▶ _EXERCISE OBJECTIVE_: Starting at the line with "全市场所有行业板块中主力多头", retype every line through the end of the listing exactly as written, and nothing before it.

▶ _PROVIDED RECORDS_:
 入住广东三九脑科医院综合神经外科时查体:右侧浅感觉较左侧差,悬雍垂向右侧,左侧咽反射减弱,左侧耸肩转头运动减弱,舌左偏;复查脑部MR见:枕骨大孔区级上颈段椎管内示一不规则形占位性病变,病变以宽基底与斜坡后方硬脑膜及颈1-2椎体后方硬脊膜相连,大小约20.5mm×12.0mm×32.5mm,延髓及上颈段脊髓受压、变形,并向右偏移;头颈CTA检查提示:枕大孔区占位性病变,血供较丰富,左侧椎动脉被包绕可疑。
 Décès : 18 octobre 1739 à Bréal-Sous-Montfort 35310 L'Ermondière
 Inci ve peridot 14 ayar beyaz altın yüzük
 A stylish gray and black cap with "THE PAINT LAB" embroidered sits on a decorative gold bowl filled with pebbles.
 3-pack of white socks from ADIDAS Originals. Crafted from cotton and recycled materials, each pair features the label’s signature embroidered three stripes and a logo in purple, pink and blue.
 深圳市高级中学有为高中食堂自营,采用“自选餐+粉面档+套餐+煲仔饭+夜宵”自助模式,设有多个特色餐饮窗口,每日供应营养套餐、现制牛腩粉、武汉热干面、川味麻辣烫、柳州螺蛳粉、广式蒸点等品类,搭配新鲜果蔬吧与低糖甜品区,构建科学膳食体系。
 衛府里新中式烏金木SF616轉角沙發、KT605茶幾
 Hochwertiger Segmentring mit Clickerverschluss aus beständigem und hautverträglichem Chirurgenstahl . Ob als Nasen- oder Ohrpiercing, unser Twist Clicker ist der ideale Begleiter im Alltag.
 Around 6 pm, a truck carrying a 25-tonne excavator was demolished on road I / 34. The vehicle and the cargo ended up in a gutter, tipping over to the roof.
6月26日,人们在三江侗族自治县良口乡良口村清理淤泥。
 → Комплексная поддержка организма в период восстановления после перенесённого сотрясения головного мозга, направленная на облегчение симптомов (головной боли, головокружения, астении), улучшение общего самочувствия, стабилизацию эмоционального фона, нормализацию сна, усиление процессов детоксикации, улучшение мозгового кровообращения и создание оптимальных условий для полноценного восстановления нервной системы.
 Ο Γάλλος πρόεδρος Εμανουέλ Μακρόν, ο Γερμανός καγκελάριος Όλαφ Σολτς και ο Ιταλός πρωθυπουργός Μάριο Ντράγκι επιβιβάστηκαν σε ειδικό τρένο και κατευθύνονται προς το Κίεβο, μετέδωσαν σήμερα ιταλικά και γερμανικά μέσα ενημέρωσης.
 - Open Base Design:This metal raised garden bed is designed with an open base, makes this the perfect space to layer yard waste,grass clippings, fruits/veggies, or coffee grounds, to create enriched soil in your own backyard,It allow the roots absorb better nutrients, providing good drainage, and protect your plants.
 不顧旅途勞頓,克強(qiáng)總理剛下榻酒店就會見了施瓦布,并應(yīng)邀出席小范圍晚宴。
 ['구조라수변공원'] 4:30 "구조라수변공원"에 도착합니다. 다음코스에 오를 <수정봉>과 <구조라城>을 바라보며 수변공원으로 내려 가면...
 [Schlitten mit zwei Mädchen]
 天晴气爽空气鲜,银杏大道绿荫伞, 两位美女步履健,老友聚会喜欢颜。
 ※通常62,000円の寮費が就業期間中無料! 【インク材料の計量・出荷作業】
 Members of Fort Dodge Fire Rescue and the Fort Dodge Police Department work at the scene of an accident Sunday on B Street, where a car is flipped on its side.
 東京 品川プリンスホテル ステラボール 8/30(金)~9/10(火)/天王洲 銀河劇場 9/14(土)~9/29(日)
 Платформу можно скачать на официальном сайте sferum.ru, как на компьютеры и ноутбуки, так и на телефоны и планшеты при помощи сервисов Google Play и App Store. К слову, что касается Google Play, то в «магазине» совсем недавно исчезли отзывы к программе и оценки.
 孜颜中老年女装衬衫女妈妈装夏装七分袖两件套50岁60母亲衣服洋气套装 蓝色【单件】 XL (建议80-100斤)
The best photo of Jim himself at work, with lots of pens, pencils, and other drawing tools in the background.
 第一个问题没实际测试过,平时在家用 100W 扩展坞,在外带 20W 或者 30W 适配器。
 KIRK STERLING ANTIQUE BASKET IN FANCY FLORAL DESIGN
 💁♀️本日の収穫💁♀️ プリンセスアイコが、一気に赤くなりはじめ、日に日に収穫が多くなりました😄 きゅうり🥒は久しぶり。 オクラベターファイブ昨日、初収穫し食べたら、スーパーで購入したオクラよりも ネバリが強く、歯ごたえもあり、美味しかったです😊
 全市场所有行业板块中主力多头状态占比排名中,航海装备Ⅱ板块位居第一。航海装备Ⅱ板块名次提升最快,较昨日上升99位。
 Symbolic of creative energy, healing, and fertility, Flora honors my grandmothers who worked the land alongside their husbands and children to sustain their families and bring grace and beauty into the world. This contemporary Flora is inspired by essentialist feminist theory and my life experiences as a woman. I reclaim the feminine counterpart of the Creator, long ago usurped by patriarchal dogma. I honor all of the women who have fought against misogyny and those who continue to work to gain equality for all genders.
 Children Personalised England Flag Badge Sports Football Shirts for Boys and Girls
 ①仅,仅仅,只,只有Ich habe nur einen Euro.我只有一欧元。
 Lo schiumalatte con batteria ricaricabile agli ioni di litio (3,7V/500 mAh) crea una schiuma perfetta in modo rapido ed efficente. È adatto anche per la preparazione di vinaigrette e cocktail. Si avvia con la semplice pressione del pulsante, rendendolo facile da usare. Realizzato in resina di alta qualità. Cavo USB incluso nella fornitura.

▶ _COMPLETED TASK_:
 全市场所有行业板块中主力多头状态占比排名中,航海装备Ⅱ板块位居第一。航海装备Ⅱ板块名次提升最快,较昨日上升99位。
 Symbolic of creative energy, healing, and fertility, Flora honors my grandmothers who worked the land alongside their husbands and children to sustain their families and bring grace and beauty into the world. This contemporary Flora is inspired by essentialist feminist theory and my life experiences as a woman. I reclaim the feminine counterpart of the Creator, long ago usurped by patriarchal dogma. I honor all of the women who have fought against misogyny and those who continue to work to gain equality for all genders.
 Children Personalised England Flag Badge Sports Football Shirts for Boys and Girls
 ①仅,仅仅,只,只有Ich habe nur einen Euro.我只有一欧元。
 Lo schiumalatte con batteria ricaricabile agli ioni di litio (3,7V/500 mAh) crea una schiuma perfetta in modo rapido ed efficente. È adatto anche per la preparazione di vinaigrette e cocktail. Si avvia con la semplice pressione del pulsante, rendendolo facile da usare. Realizzato in resina di alta qualità. Cavo USB incluso nella fornitura.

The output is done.